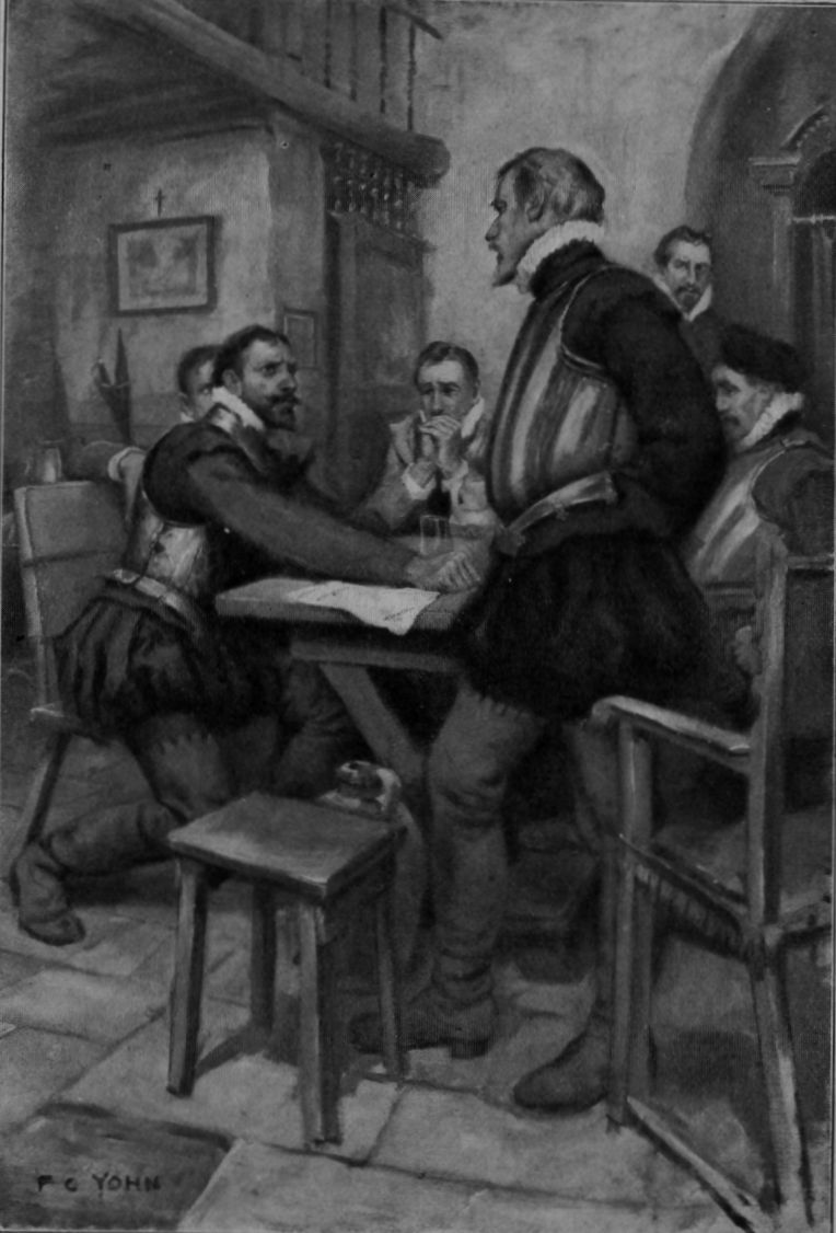 He drank of his wine, then with a slight laugh and wave of his hand dismissed a subject too grave for the hour. A little later he arose with his guests from the table, and since time was passing and for some there was much to do, men began to exchange farewells. To-morrow would see the adventurers gone from England; to-day kinsmen and friends must say good-by, warmly, with clasping of hands and embracing, even with tears, for it was an age when men did not scorn to show emotion. A thousand perils awaited those who went, nor for those who stayed would time or tide make tarrying. It was most possible that they who parted now would find, this side eternity, no second inn of meeting.
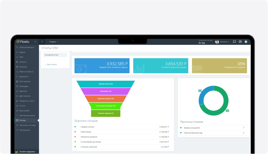 • Улучшение конверсии. Анализируя показатели, компания может понять, где именно на пути к сделке пропадают клиенты, и принять меры для снижения потерь.
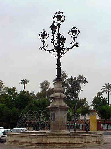 Como decia entonces era una farola monumental que daba entrada al actual Avenida de la Palmera, entonces llamada Avenida de la Reina Victoria e iluminaba una de la entradas a la Exposicion Ibero Americana. Y alli estuvo hasta 1972, fecha en que fue trasladada a su ubicacion actual entre las Avenidas de Malaga y Cadiz , frente por frente a los encarcelados Jardines de Murillo y es aqui donde se le coloca un brocal y pasa a convertirse en una Farola-Fuente. tal como ven en la imagenes .-
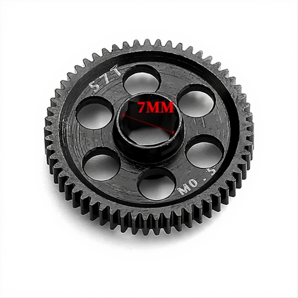 Le pignon différentiel présente un module M0.5 avec des options de 57 et 59 dents, un poids de 180 grammes et des dimensions compactes de 2,54 cm. Fabriqué en métal avec une finition brushed, il s’adapte parfaitement aux modèles compatibles pour un montage sans modifications supplémentaires.
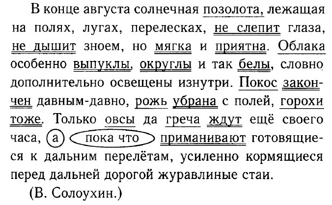 Овсы, греча и горохи — это культуры сельскохозяйственных растений. Слова овёс и горох употребляются во множественном числе, что характерно для просторечья или древнерусского языка. Греча (гречиха) — усеченное в просторечии слово. Это позволяет писателю воспроизвести на страницах своего произведения истинно народную речь, что очень органично при описании русской природы, полевых работ на просторах нашего отечества. Упр. 49 Никиту разбудили воробьи. Он проснулся и слушал, как медовым голосом, точно в дудку с водой, свистит иволга. Окно было раскрыто, в комнате пахло травой и свежестью, свет солнца затенён мокрой листвой. Налетел ветерок, и на подоконник упали капли росы. Из сада послышался голос Аркадия Ивановича: — Адмирал, скоро глаза продерёте? — Встаю! — крикнул Никита, и с минуту ещё полежал: до того было хорошо, проснувшись, слушать свист иволги, глядеть в окно на мокрые листья. (А. Н. Толстой.)
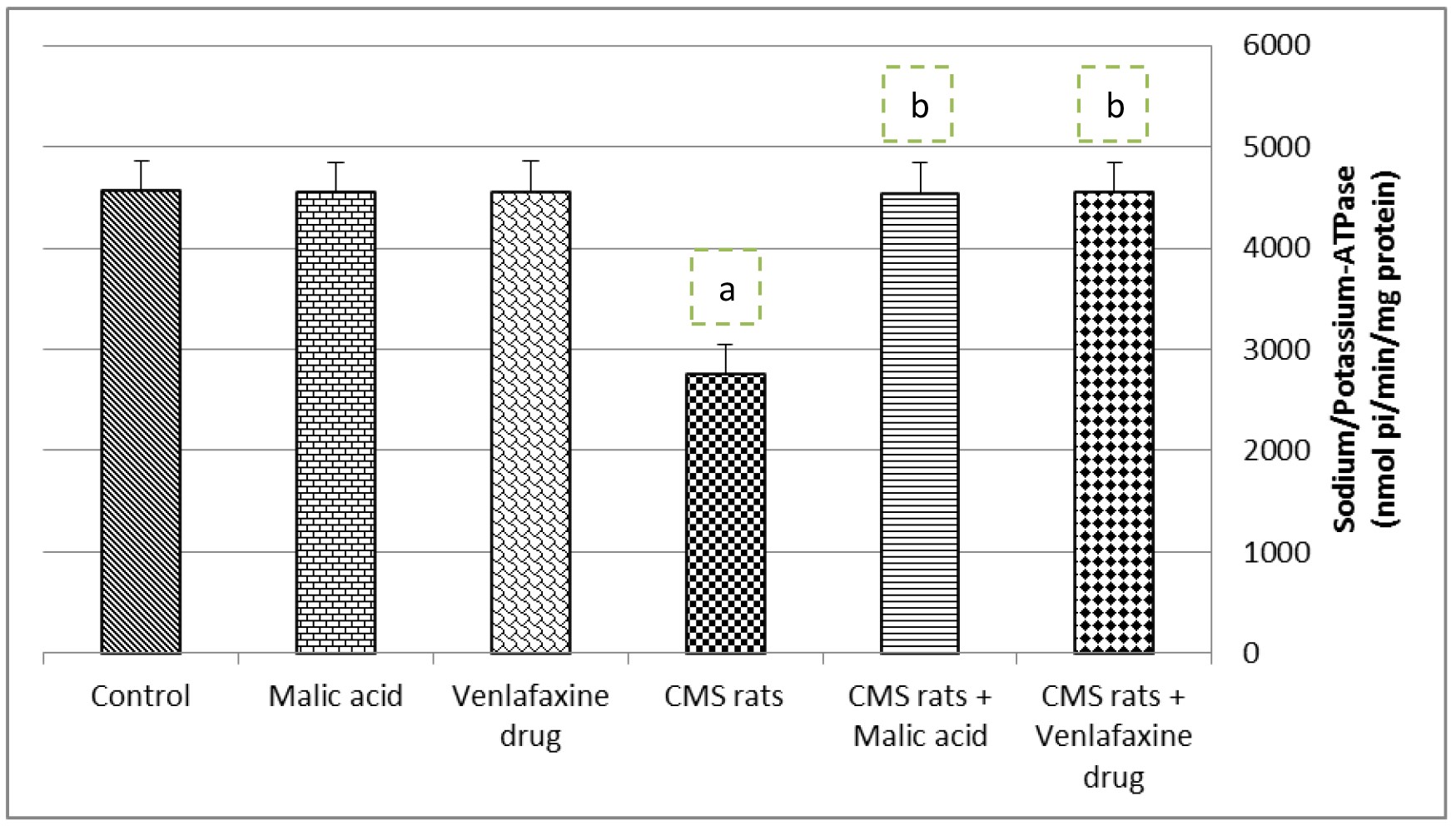 Thirty-six male albino rats were divided into 6 equal groups (6 rats/group) as follows: Control group: normal rats were administered orally with 1 mL of saline solution. Malic acid-treated group: normal rats were administered orally with 250 mg/kg of malic acid [27] dissolved in 1 mL distilled water. This dose increases the motor activity and excitatory processes in the sensory motor brain areas. This dose increases carbohydrate reserves and decreases oxygen consumption of the brain tissues [27]. Venlafaxine drug-treated group: normal rats were administered orally with 20 mg/kg of the venlafaxine drug [28] dissolved in 1 mL distilled water. CMS group: CMS animals were administered orally with 1 mL of saline solution. CMS + malic acid (250 mg/kg)-treated group: CMS rats were administered orally with malic acid (250 mg/kg of malic acid dissolved in 1 mL water). CMS + Venlafaxine drug (20 mg/kg)-treated group: CMS rats were administered orally with 20 mg/kg of Venlafaxine drug dissolved in 1 mL distilled water.

> [WHAT TO WORK ON] Output a precise copy of the entries, leaving the images out.

> [RESULT]
 He drank of his wine, then with a slight laugh and wave of his hand dismissed a subject too grave for the hour. A little later he arose with his guests from the table, and since time was passing and for some there was much to do, men began to exchange farewells. To-morrow would see the adventurers gone from England; to-day kinsmen and friends must say good-by, warmly, with clasping of hands and embracing, even with tears, for it was an age when men did not scorn to show emotion. A thousand perils awaited those who went, nor for those who stayed would time or tide make tarrying. It was most possible that they who parted now would find, this side eternity, no second inn of meeting.
 • Улучшение конверсии. Анализируя показатели, компания может понять, где именно на пути к сделке пропадают клиенты, и принять меры для снижения потерь.
 Como decia entonces era una farola monumental que daba entrada al actual Avenida de la Palmera, entonces llamada Avenida de la Reina Victoria e iluminaba una de la entradas a la Exposicion Ibero Americana. Y alli estuvo hasta 1972, fecha en que fue trasladada a su ubicacion actual entre las Avenidas de Malaga y Cadiz , frente por frente a los encarcelados Jardines de Murillo y es aqui donde se le coloca un brocal y pasa a convertirse en una Farola-Fuente. tal como ven en la imagenes .-
 Le pignon différentiel présente un module M0.5 avec des options de 57 et 59 dents, un poids de 180 grammes et des dimensions compactes de 2,54 cm. Fabriqué en métal avec une finition brushed, il s’adapte parfaitement aux modèles compatibles pour un montage sans modifications supplémentaires.
 Овсы, греча и горохи — это культуры сельскохозяйственных растений. Слова овёс и горох употребляются во множественном числе, что характерно для просторечья или древнерусского языка. Греча (гречиха) — усеченное в просторечии слово. Это позволяет писателю воспроизвести на страницах своего произведения истинно народную речь, что очень органично при описании русской природы, полевых работ на просторах нашего отечества. Упр. 49 Никиту разбудили воробьи. Он проснулся и слушал, как медовым голосом, точно в дудку с водой, свистит иволга. Окно было раскрыто, в комнате пахло травой и свежестью, свет солнца затенён мокрой листвой. Налетел ветерок, и на подоконник упали капли росы. Из сада послышался голос Аркадия Ивановича: — Адмирал, скоро глаза продерёте? — Встаю! — крикнул Никита, и с минуту ещё полежал: до того было хорошо, проснувшись, слушать свист иволги, глядеть в окно на мокрые листья. (А. Н. Толстой.)
 Thirty-six male albino rats were divided into 6 equal groups (6 rats/group) as follows: Control group: normal rats were administered orally with 1 mL of saline solution. Malic acid-treated group: normal rats were administered orally with 250 mg/kg of malic acid [27] dissolved in 1 mL distilled water. This dose increases the motor activity and excitatory processes in the sensory motor brain areas. This dose increases carbohydrate reserves and decreases oxygen consumption of the brain tissues [27]. Venlafaxine drug-treated group: normal rats were administered orally with 20 mg/kg of the venlafaxine drug [28] dissolved in 1 mL distilled water. CMS group: CMS animals were administered orally with 1 mL of saline solution. CMS + malic acid (250 mg/kg)-treated group: CMS rats were administered orally with malic acid (250 mg/kg of malic acid dissolved in 1 mL water). CMS + Venlafaxine drug (20 mg/kg)-treated group: CMS rats were administered orally with 20 mg/kg of Venlafaxine drug dissolved in 1 mL distilled water.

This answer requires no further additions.